Less than 24 hours after her younger brother just missed out on an Olympic medal, Anastasiya Kuzmina succeeded -- and then dedicated her gold medal to him.
Kuzmina became the first woman in biathlon to successfully defend an individual Olympic title by winning gold in the 7.5-kilometer sprint Sunday at the Sochi Games.
A day earlier, her brother Anton Shipulin faulted on the very last shot, squandered his lead and finished fourth in the men's 10K race.
"I was feeling for Anton, I was rooting for him," Kuzmina said. "This is my day, I will dedicate it to him. I hope I've made a difference in his feelings by my victory. I hope that it inspires him for (Monday's) pursuit. He can win."
Competing for Slovakia, the Russian-born Kuzmina shot flawlessly and finished in 21 minutes, 6.8 seconds for her third Olympic medal. Besides gold in the sprint she also took silver in the pursuit in Vancouver four years ago.
Olga Vilukhina of Russia trailed Kuzmina by 19.9 seconds to win silver, and Vita Semerenko of Ukraine was 21.7 behind for bronze.
Kuzmina opted for a Slovakian pass six years ago but said her heart is still with Russia.
"This victory in my homeland is a big thing," Kuzmina said. "I am only a Slovakian passport holder, I am a Russian national. Here I am at home, the atmosphere is so familiar, so supportive, so comfortable, so homely."
Winning gold again completes a remarkable return to form for Kuzmina.
After earning two medals in Vancouver, she added a bronze in the sprint event at the world championships the next year.
However, she then failed to produce a similar standard in the World Cup events and said she had lost her motivation. Her career was boosted again by the return of coach Juraj Sanitra, who took charge of the Slovakian team again two years ago.
"It was a long way to this gold medal, it's not the same (as in Vancouver)," Kuzmina said. "It was hard work for four years. Just unbelievable."
Vilukhina also praised the Russian fans who backed her on the way to her first Olympic medal.
"I'm proud for all these people who supported me," she said through a translator. "I'm really happy and I wanted to reach this goal for 10 years."
Semerenko also earned her first Olympic medal, adding to five she won at various world championships.
"I tried not to think about medals before the race, I tried just to focus on the race and do my best," Semerenko said through a translator. "I'm very happy with the bronze medal because at the beginning of the season I had a problem with my health."
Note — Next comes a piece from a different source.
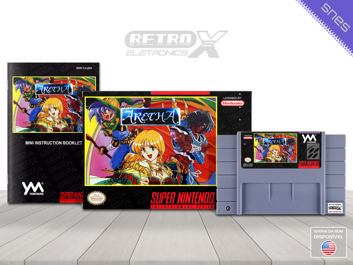 *Aretha* é um clássico **RPG** lançado para o **Super Nintendo Entertainment System (SNES)** em **1991**, desenvolvido pela **Japan Art Media** e publicado pela **Yanoman Corporation**. No jogo, o jogador assume o papel da jovem heroína **Ariel**, que parte em uma jornada épica para encontrar um lendário artefato mágico capaz de salvar sua terra após um poderoso mal ressurgir, ameaçando o equilíbrio do mundo.

Contrary to the top three in Sunday's race, most of the pre-race favorites struggled in the shooting.
Overall World Cup champion Tora Berger missed the first target in her opening round but was clean -- and fast -- in the second. Still, the overall World Cup champion from Norway finished 10th, 33.8 seconds behind Kuzmina.
"It was a really hard race," Berger said. "I had one mistake, and it was one too much ... I think it was a good finish, but not a good start."
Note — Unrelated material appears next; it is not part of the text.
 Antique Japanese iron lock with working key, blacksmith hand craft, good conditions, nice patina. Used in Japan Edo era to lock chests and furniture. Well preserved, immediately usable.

Berger's biggest rival all season, Kaisa Makarainen of Finland, faulted twice in her last round of shooting and ended up in 30th.
Another predicted medal candidate, Darya Domracheva of Belarus, missed her first target but sped up and quickly hit the other four. She was clean in her final round and finished ninth, 31.8 seconds behind.
Gabriela Soukalova of the Czech Republic blew her chances by missing the first two and the fifth target in the prone shooting, forcing her to three 150-meter penalty loops.
Soukalova has won three World Cup events so far this season, more than any other biathlete, and is fourth in the overall standings.
Late starter Selina Gasparin looked like a threat for Kuzmina but the Swiss, who won two sprints this season, faulted on her last target. She lacked the pace to make up for the extra 150 meters and finished 13th.
The next women's event is the 10K pursuit on Tuesday.